Task: Retype the data below verbatim; pictures do not belong in the copy.

Task input:
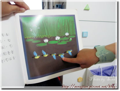 除了聽故事,軒還很喜歡生態、動物方面相關的書籍,我一邊唸著故事,他還會一邊發問,甚至看到圖書內的圖,順倒數一數有多少,也能藉由書中的圖畫,教他辨認顏色,大一點甚至可以認識國字。
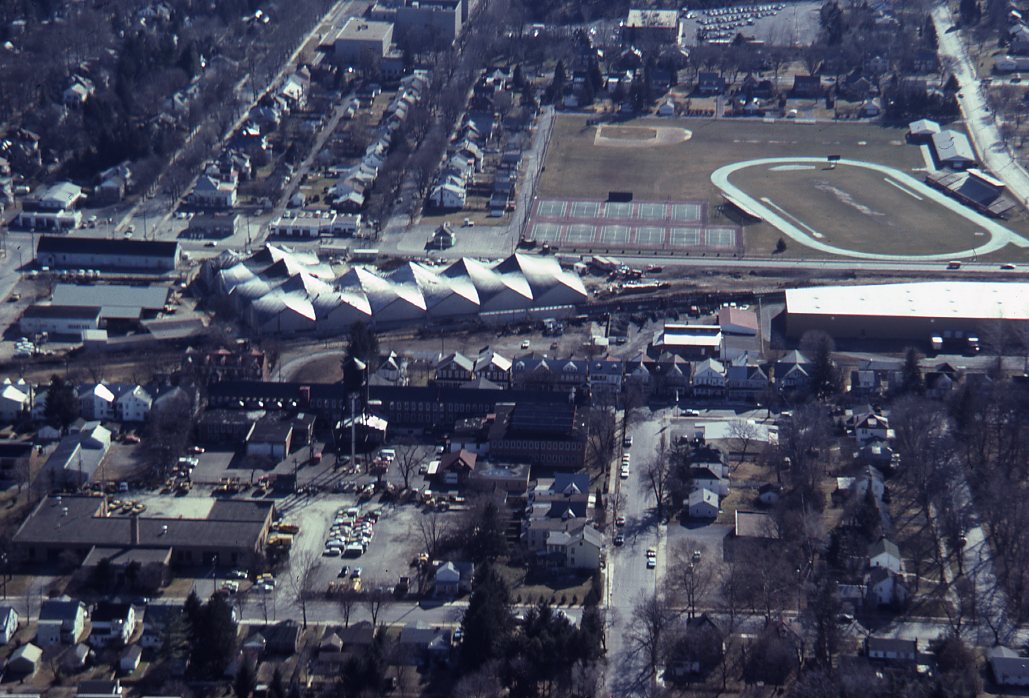 Aerial view of campus athletic facilities, including the Kline Center and Biddle Field in February 1980. The Kline Center, which is under construction at this time, would open in the fall.
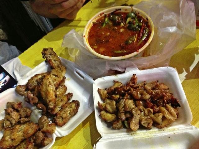 抵抗力好的可以去吃吃看 purerara等级42013-06-114 浏览 关注 上海有名的黑暗料理啊。烧烤特别出名。 一到晚上,摊头都摆出来了。老板很热情,一边忙着弄烧烤。一边热情地招呼着客人。 住在附近的居民肯定怨声载道吧。 有次晚上经过去吃了点烧烤,就当是夜宵 买了好多鸡翅膀,味道还不错。味道很地道。 想到很多年前在吴江路吃烧烤的味道。 鸡胗什么的也很好吃 晚上在路边吃大排档 也挺有意思的 不过肠胃不好的朋友别去轻易尝试哦以上食记乃用户个人意见 , 并不代表OpenRice之观点。赞好分享抵抗力好的可以去吃吃看 黑暗料理界烧烤摊 https://s.openrice.com/KtLT1005l0500检举 张贴 评分4味道2环境4服务2卫生4抵食人均消费¥30 (宵夜)
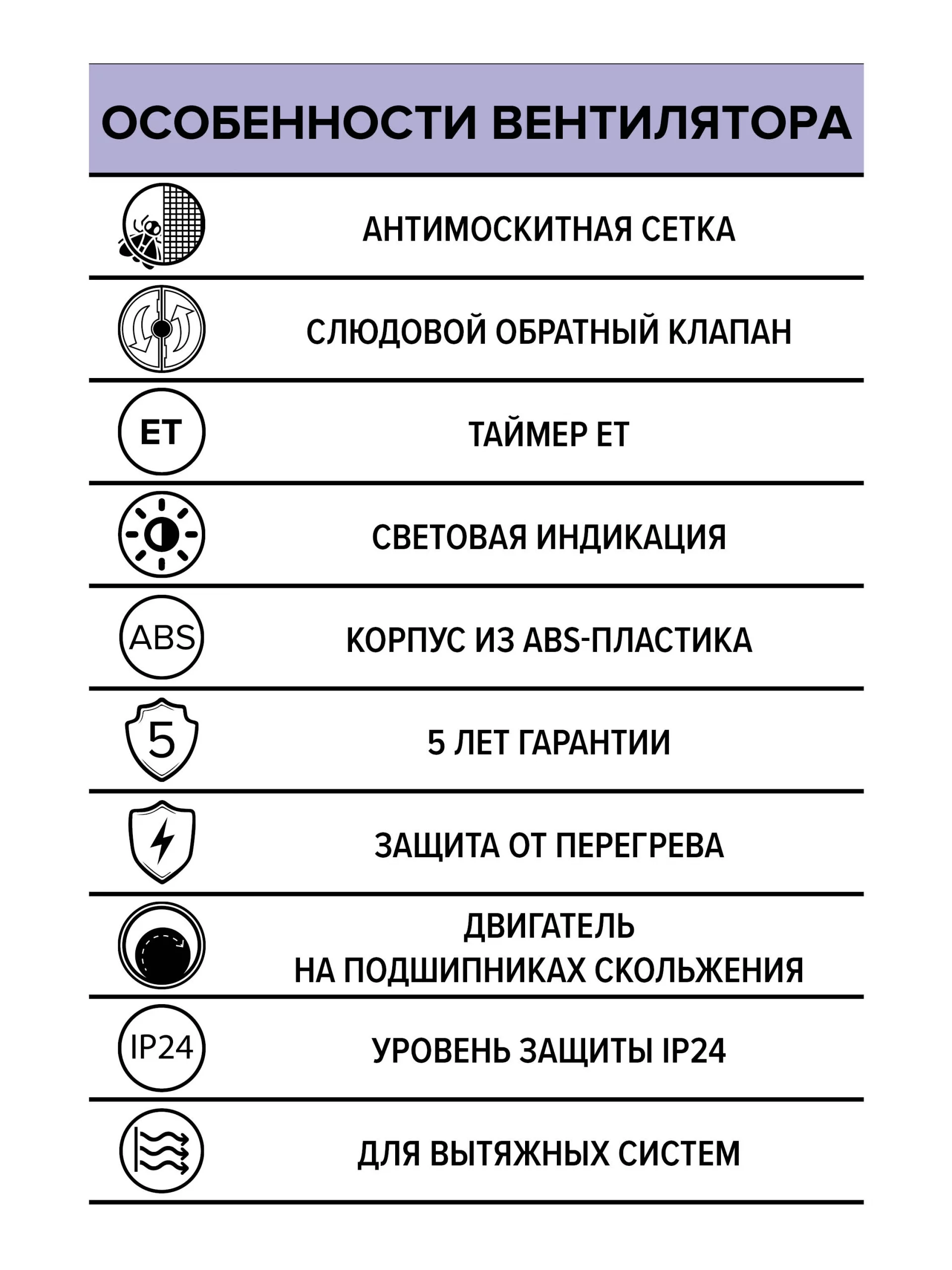STANDARD оснащен одноразовым предохранителем для предотвращения возникновения короткого замыкания, обратным клапаном для предотвращения попадания пыли и запахов из вентиляционного канала, антимоскитной сеткой, которая защищает помещение от проникновения насекомых и грязи из шахты.
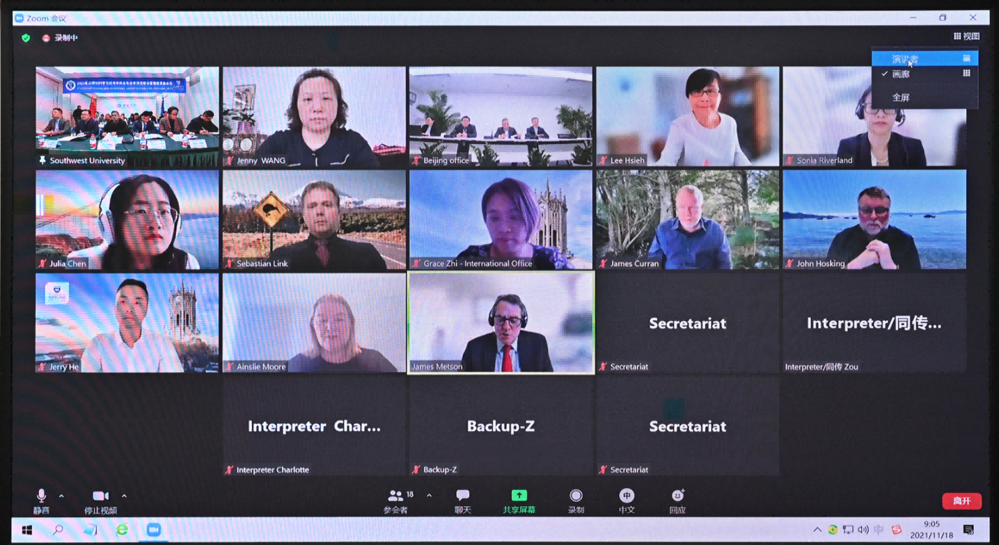 在与奥克兰大学的JMC会议上,陈时见在致辞中简要回顾学校和奥克兰大学合作办学的历史,赞扬办学以来项目在教学、管理、学生教学质量和就业方面所取得的成绩,并对今后继续合作寄予极大期望。梅特森高度赞扬项目取得的成就,希望双方继续深化合作,共同推动两校内涵式发展。
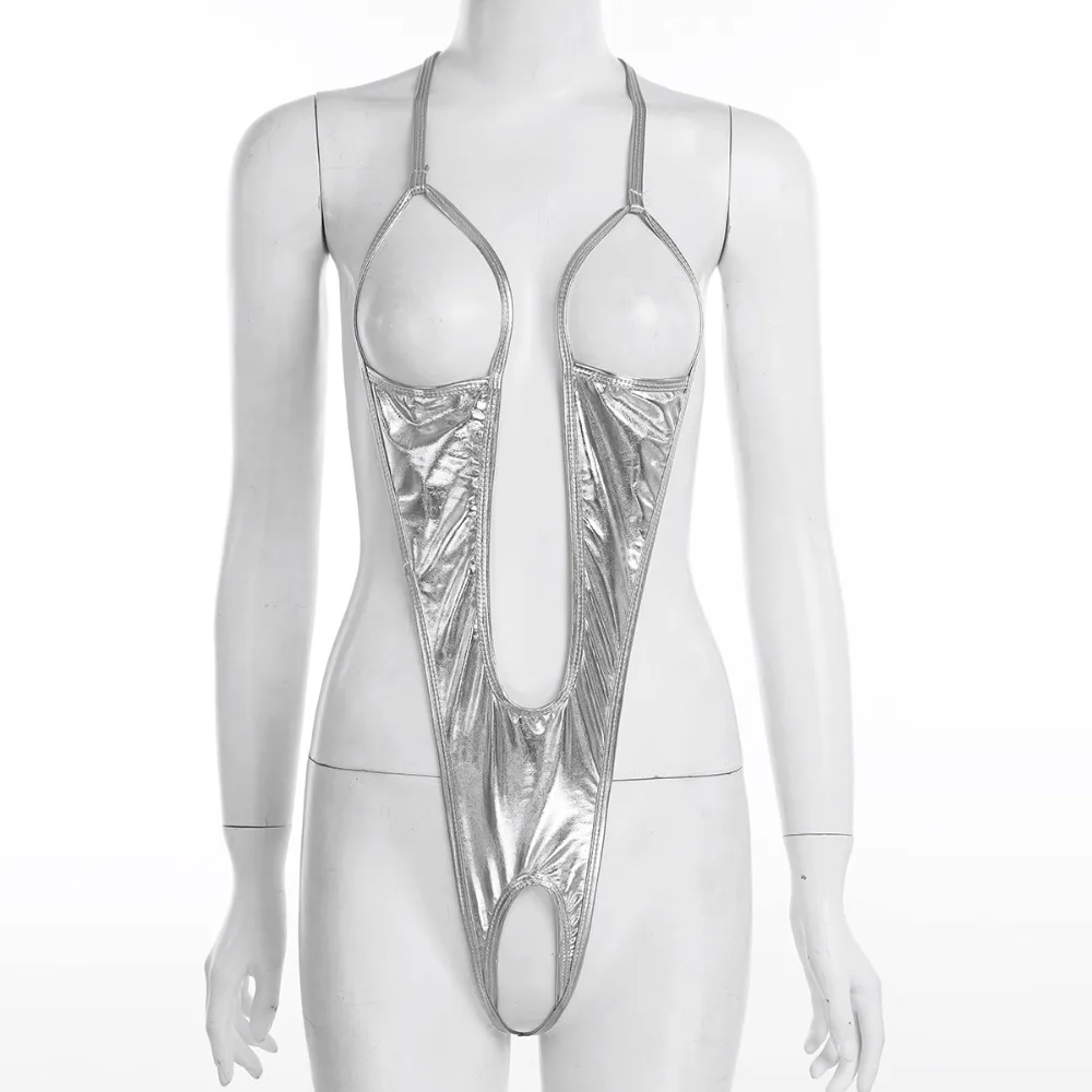 Женские купальники, цельный купальник, боди, купальный костюм из лакированной кожи, купальный костюм с открытым бюстом, боди с вырезами, одежда для сна, ночная рубашка

Response:
 除了聽故事,軒還很喜歡生態、動物方面相關的書籍,我一邊唸著故事,他還會一邊發問,甚至看到圖書內的圖,順倒數一數有多少,也能藉由書中的圖畫,教他辨認顏色,大一點甚至可以認識國字。
 Aerial view of campus athletic facilities, including the Kline Center and Biddle Field in February 1980. The Kline Center, which is under construction at this time, would open in the fall.
 抵抗力好的可以去吃吃看 purerara等级42013-06-114 浏览 关注 上海有名的黑暗料理啊。烧烤特别出名。 一到晚上,摊头都摆出来了。老板很热情,一边忙着弄烧烤。一边热情地招呼着客人。 住在附近的居民肯定怨声载道吧。 有次晚上经过去吃了点烧烤,就当是夜宵 买了好多鸡翅膀,味道还不错。味道很地道。 想到很多年前在吴江路吃烧烤的味道。 鸡胗什么的也很好吃 晚上在路边吃大排档 也挺有意思的 不过肠胃不好的朋友别去轻易尝试哦以上食记乃用户个人意见 , 并不代表OpenRice之观点。赞好分享抵抗力好的可以去吃吃看 黑暗料理界烧烤摊 https://s.openrice.com/KtLT1005l0500检举 张贴 评分4味道2环境4服务2卫生4抵食人均消费¥30 (宵夜)
STANDARD оснащен одноразовым предохранителем для предотвращения возникновения короткого замыкания, обратным клапаном для предотвращения попадания пыли и запахов из вентиляционного канала, антимоскитной сеткой, которая защищает помещение от проникновения насекомых и грязи из шахты.
 在与奥克兰大学的JMC会议上,陈时见在致辞中简要回顾学校和奥克兰大学合作办学的历史,赞扬办学以来项目在教学、管理、学生教学质量和就业方面所取得的成绩,并对今后继续合作寄予极大期望。梅特森高度赞扬项目取得的成就,希望双方继续深化合作,共同推动两校内涵式发展。
 Женские купальники, цельный купальник, боди, купальный костюм из лакированной кожи, купальный костюм с открытым бюстом, боди с вырезами, одежда для сна, ночная рубашка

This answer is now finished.